Maybe I should invest in dragon dictation or a program that does voice recognition for doctors. If a computer program could do that for me, post along with pictures, then I would certainly be in big business!!

So. How are you?

Tuesday, December 28, 2010

A Year In Review .... The Whittingham Chapter

Yes, the blogging dedication, talent and inspiration went into the toilet this year. Like one big flush and we were gone. 2010 has been a busy one for us and much to my surprise and secret irritation (when YOU make those comments about me never being here), there are people who read this.

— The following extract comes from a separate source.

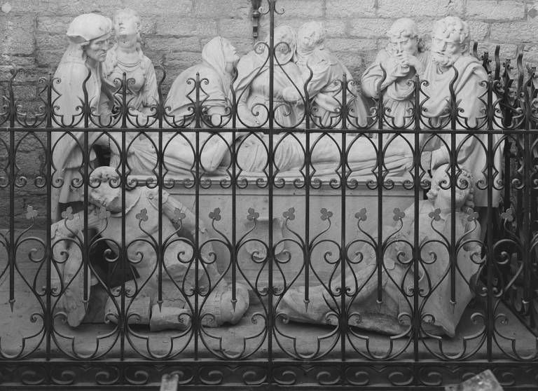 Mise au tombeau datée 1521, provenant de l'église Saint-Pierre détruite ; selon Courtépée, le commanditaire serait N. Boyeau, bourgeois de Pouilly. Placée d'abord dans la seconde travée du vaisseau nord, elle fut transférée en 1894 à son emplacement actuel. La grille en fer forgé a été installée en 1908, selon une recommandation faite par l'architecte Charles Suisse en 1895.

Ahem yes. Funny when the whole idea of the blog was to keep family in touch with our lives and amazingly, when you stop blogging, you hear from the lurkers asking me if we are dead. So my dear, loving, endearing and ever loyal family and friends, starting tomorrow, over the next four days, you will get to read an epic narration of the achievements, surprises and yes, ahem, mistakes that the four of us have made and learned from throughout this year.

And because it is the kids that you truly care about and, I am a Mom so rarely miss an opportunity to chat about my children, we will begin with our little hockey buff, Kaelen. It is such riveting reading that I suggest that you come back tomorrow prior to dinner to avoid any chances of this website causing blogger to crash due to so many hits.

Sunday, October 24, 2010

The 2nd Annual Pumpkin Quest


On Friday, the kids and I went on our 2nd Annual Pumpkin Quest searching for the perfect pumpkin to add to our Halloween festivities. The pumpkin patch is actually a pumpkin barn, which is so much fun compared to shopping for a pumpkin in the grocery store. The only thing better would be to crawl through the actual patch to pick one ourselves. After my attempt to grow them last year, we have decided that visiting the local farm is a much, much more viable option.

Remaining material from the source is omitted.